How Maternal Age and Diet Impact Fitness and Reproductive Timing in Rotifers

By Dr. Chinta SidharthanReviewed by Lily Ramsey, LLMDec 9 2024

Life history traits, such as reproduction and lifespan, are shaped by the interplay of individual characteristics and environmental factors. Among the microscopic aquatic species of rotifers, maternal age, and food availability significantly influence survival and reproductive timing.

A recent study published in the Journal of Animal Ecology investigated how maternal affect senescence, which is the decline in offspring fitness due to maternal aging, and how caloric restriction impacts population dynamics in rotifers.

Using detailed demographic modeling, the researchers explored the interactions between these factors and their effect on reproductive patterns, lifespan, and fitness outcomes.

​​​​​​​Study: Maternal effect senescence and caloric restriction interact to affect fitness through changes in life history timing. Image Credit: William Edge/Shutterstock.com

Background

Intrinsic factors, such as age and genetic traits, and extrinsic factors, including food availability, influence an organism's survival and reproductive success. Caloric restriction, which is often associated with extended lifespans, can delay reproduction but might shift fertility to older ages.

In many species, maternal age impacts offspring performance, with older mothers often producing offspring with reduced survival and reproductive potential — a phenomenon known as maternal effect senescence.

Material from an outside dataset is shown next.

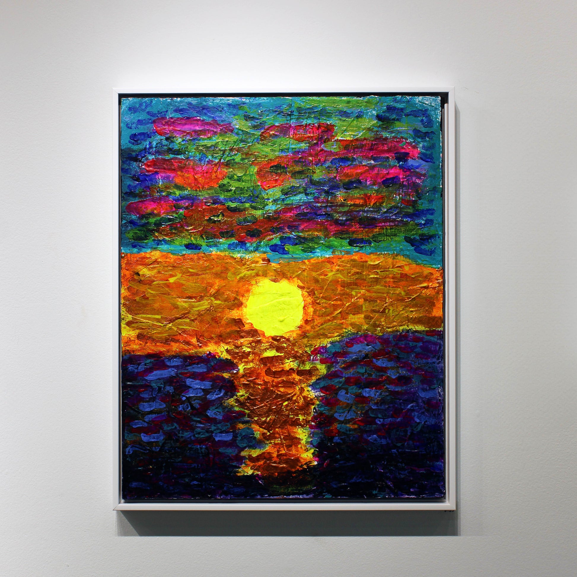 "Sun Thoughts" is my bright and joyful painting of a sunset, made with brushstrokes that bring out warmth and happiness. Inspired by sunsets, I wanted to capture the simple beauty of nature and share the joy I feel when I see those bright colors.

While lifespan extension through caloric restriction is well-documented, its interactions with maternal age and fitness outcomes are less understood.

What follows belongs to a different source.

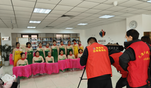 文德花园社区活动丰富,建有健康太极、新疆舞、柔力球等9支老年活动社团。资源研发中心的同志们根据每支社团不同的风格,耐心指导社团成员调整站位、造型、妆容和表情,力图展现新时代老年人最美精神风貌。

Studies have suggested that food limitation alters reproduction timing and life history traits in ways that differ across generations. However, the broader ecological consequences of these interactions on population structure and growth remain unclear.

The Current Study

In this study, the researchers examined the effects of maternal age and food availability on rotifer population dynamics using experimental and modeling approaches.

Life table experiments were conducted on Brachionus manjavacas, a rotifer species, under two feeding conditions — ad libitum or free-fed, and caloric restriction with lower food quantities.

The study established maternal cohorts at specific ages to cover various reproductive stages, and the offspring were raised under controlled conditions.

The researchers recorded survival and daily reproduction data across the lifespan of the individual rotifers in the study. They also developed matrix population models to assess demographic parameters.

Each model incorporated individual attributes, including age and maternal age, along with environmental treatment. Furthermore, fertility and survival rates were estimated using non-parametric methods to ensure flexibility and precision.

For ad libitum conditions, fertility rates were determined through observed cumulative reproduction curves.

For the low-food group, the same methodology was used but modified to reflect reduced nutritional intake. Additionally, survival probabilities were interpolated and extrapolated to align with observed maternal age trends.

Furthermore, life table response experiments (LTRE) were used to analyze differences in population growth rates between feeding treatments. These analyses identified the contributions of changes in survival and fertility across age and maternal age classes.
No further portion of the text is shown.